A trained Montessori teacher
Montessori teachers have a normal teacher qualification and certified to have undergone specific training. Montessori teachers are supported by a Montessori assistant whose job is to support the teacher in maintaining peace and order in the classroom.
Benefit: Children get the needed nurturing, love and attention from knowledgeable staff about best practices and putting the individual needs and interests of children a priority.

Montessori researchers in Japan gather for a 3-day professional development seminar with “Children and Peace” as theme. Professor Toshiyuki Shiomi talked about “Peace and Education: Expectation for Montessori Education and Child Care in the Mid-Twentieth Century.” He talked about the lessons learned from the atomic bombing of Hiroshima and Nagasaki and the importance of roles adults play in achieving global peace for the benefit of children and future generation.

The local research center of Montessori is the Japan Association of Montessori (JAM) or Nihon Montessori Kyokai. Montessori education in Japan was first introduced in “Yorozu Morning Report” in Jan 1912 but it was not until March 1968 when JAM was fully accredited by the Association Montessori Internationale (AMI) headquartered in Amsterdam, Netherlands. Despite the attention it attracted in the Meiji era, the Montessori methods went against the grain of Japan’s militaristic climate at that time.
The role of the association is to promote Montessori in Japan and work together in studying the best methods for early childhood education.

Montessori classrooms

Bright and spacious Montessori classroom

Classroom space is well defined according to purpose. Each classroom is made suited to the needs of the children. The use of bright coloured decor with images of cartoons or posters are in one space while some areas are calm and peaceful. There are no school desks like you will find in a traditional classroom setting. The rooms are well organized, neat and sanitized.

Why is being free important?

Montessori is not religion. It is a learning approach essentially modeled to shape human beings as changes occur over the course of their life. Dr. Maria Montessori believes that if a child is exposed to a free, nurturing environment within limits, without being shun but offered guidance, he does things by himself and in the process, learn with long-lasting advantages.

“Character is not an item of knowledge which can be taught through learning or imitation. It is a conquest made during life through personal exercise and through personal experience.” (Montessori, A New World and Education)

Can a Montessori program be international and  Japanese?

Yes.  A Montessori curriculum can have cultural elements fused with math, science, language, art and music while teaching a child to respect every culture preparing him to be a caring, engaged global citizen.
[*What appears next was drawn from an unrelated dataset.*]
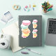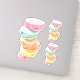 Köstliche Aufkleber zur Illustration eines zart ausgeglichenen Turms aus rosa, grün, orange, braun und gelben Makaronen. Eine französische Spezialität und perfekt für jeden, der süße Sachen Liebe. Kleben Sie sie auf Ihre Rezept- oder Essensbücher, Kugel-Tagebuch, Handy oder Laptop oder alles andere, was Sie denken können!

Here are 5 Montessori facts all parents should know

1. The Montessori trademark was never patented because Maria Montessori never did it for money.
In the United States and elsewhere, a school can use the term “Montessori” freely without complying with the original Montessori method.  So to understand the difference between a ‘fake’ Montessori and the ‘real’ thing, it is best  to  know the whole Montessori package.
2. According to The Journal of Research in Childhood Education, 3-11-year-old Montessori students had higher scores than control groups on mathematics and science.
3. Montessori schools are not franchised, thus, they are usually small, having no more than 100 students. They are individually owned for profit while some are not.
4. Montessori materials are sensorial and exclusively designed to stimulate the five senses. Other materials available are for learning and discovery.  Only in upper school level can materials be developed by teachers. 5. Not everyone can call themselves Montessori Teachers. A true Montessori teacher has been fully trained and is experienced in Montessori principles, concepts and methods. Ask for credentials when you are shopping for a school for your child.